I fully agree with your insight on how Duolingo sets you up for failure, and it has another trap, too—one common to all methods that are based on "diligently do these drills every day"* : You think that you should be getting somewhere because it's so boring and it sucks so much. You did the work, right? You're suffering, therefore you must be levelling up. Then after 4 years of doing French grammar drills on school or French vocabulary drills in Duolingo, you still can't even ask for directions or read Le Petit Prince, and you figure it's because you're such a lazy loser with no discipline who should have drilled more, instead of spending all day browsing Instagram or playing Animal Crossing.

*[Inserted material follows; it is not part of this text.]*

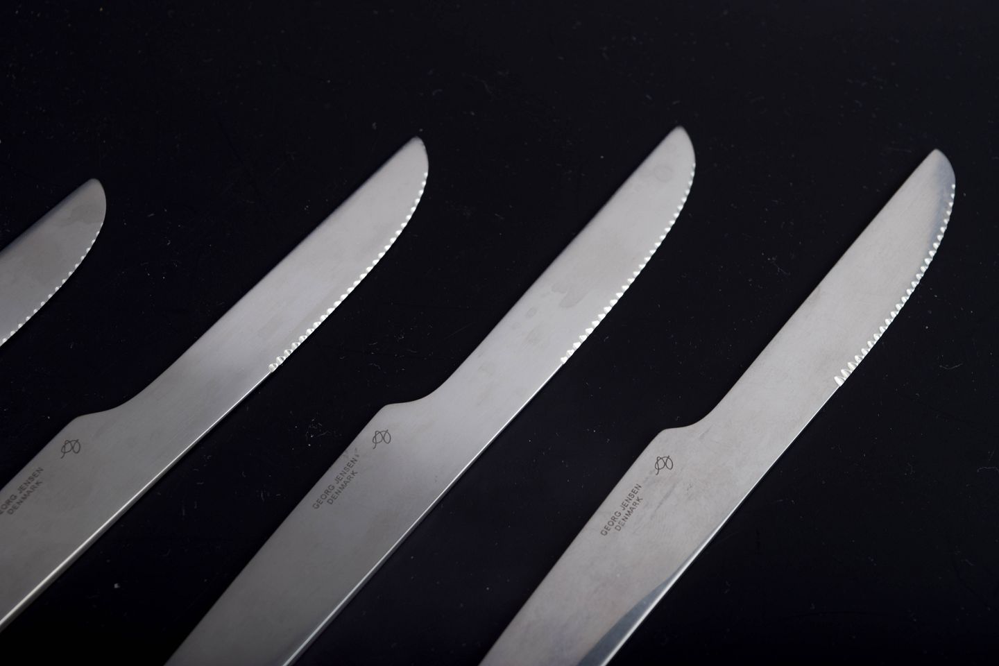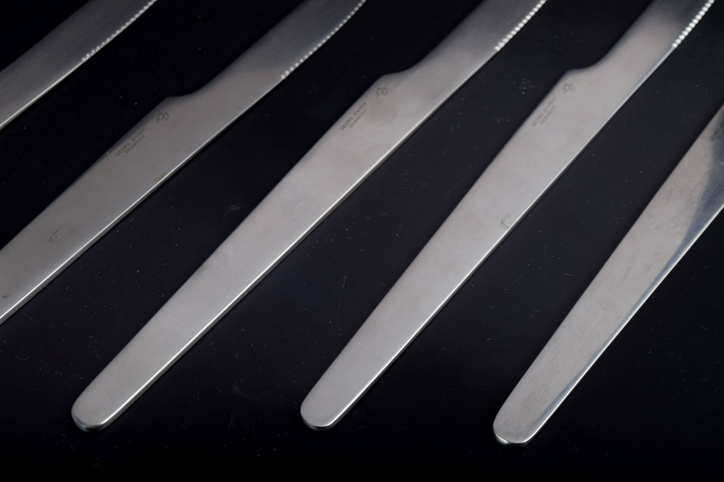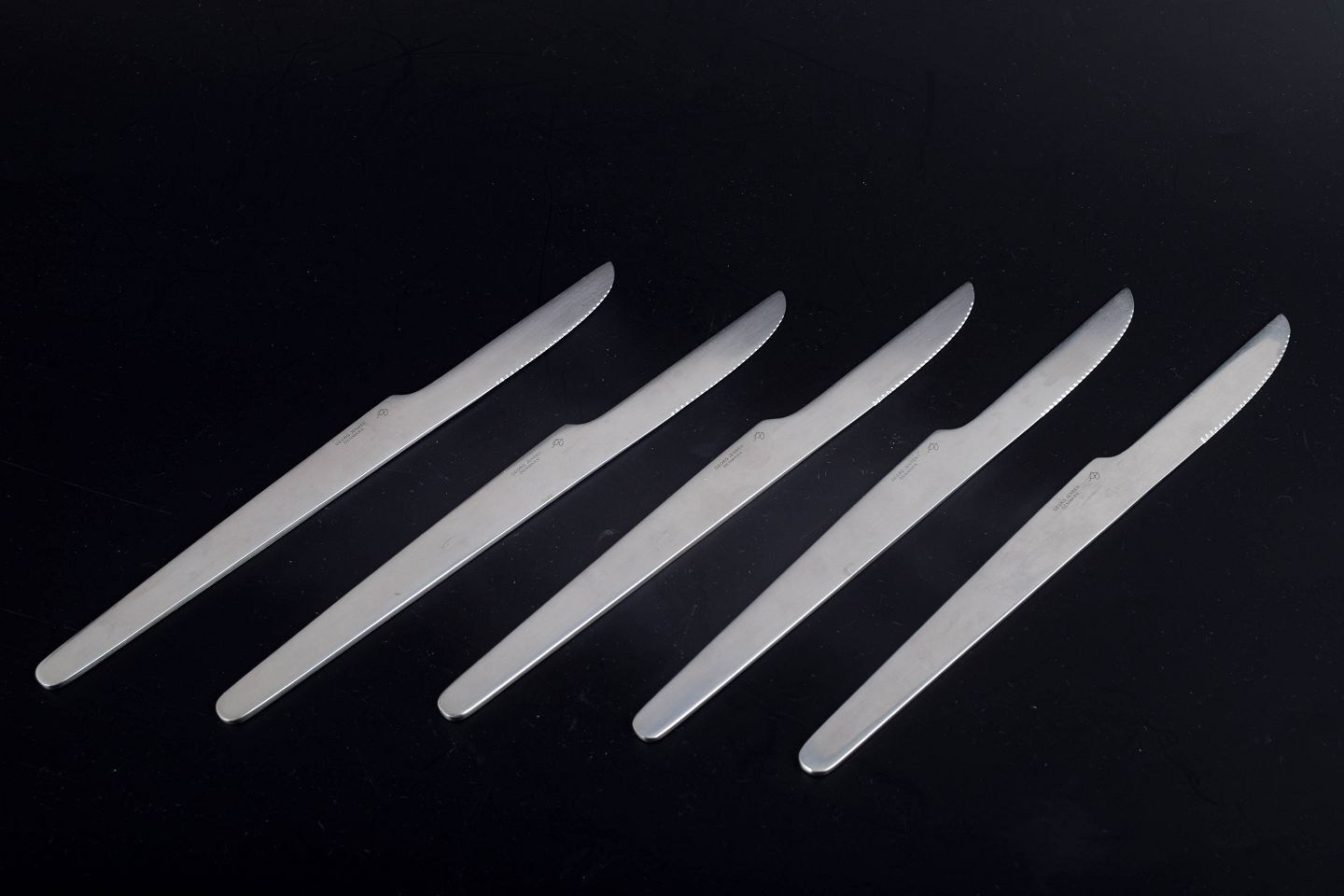 Arne Jacobsen for Georg Jensen, dinner knives.Set comprising five dinner knives in stainless steel. The knives feature the clean, functional design language characteristic of Arne Jacobsen’s cutlery designs and were produced by Georg Jensen. The model dates to the 1980s.

When actually what you should have done was to browse Instagram in French or play Animal Crossing in French. Perversely, real language learning—we call it "acquisition" rather than "learning", to emphasise how it's an instinctive, subconscious process—happens optimally when you're in a state of flow where you don't even notice you're using the second language anymore, i.e. when you're not suffering.


* There's a very limited number of things that you do actually have to consciously drill; mostly writing systems, maybe also the phonemes at the beginning (this part is debated). Luckily, almost all writing systems in current use are very simple and you'll get them nailed down in no time, as long as you already know the basics of the spoken language (remember, writing isn't made for foreigners, it's made for native speakers to represent the words they already know). The exception is if you're learning Chinese or Japanese, in which case there's no way out of drilling characters, forever. my degree in Japanese is from over ten years ago and I can read Japanese pretty fine these days and I'm still drilling characters. It is still the case that it's much easier to learn the characters the way the Japanese and Chinese peoples do it, i.e. after you know the spoken language (at least to a basic degree, say A2 or so).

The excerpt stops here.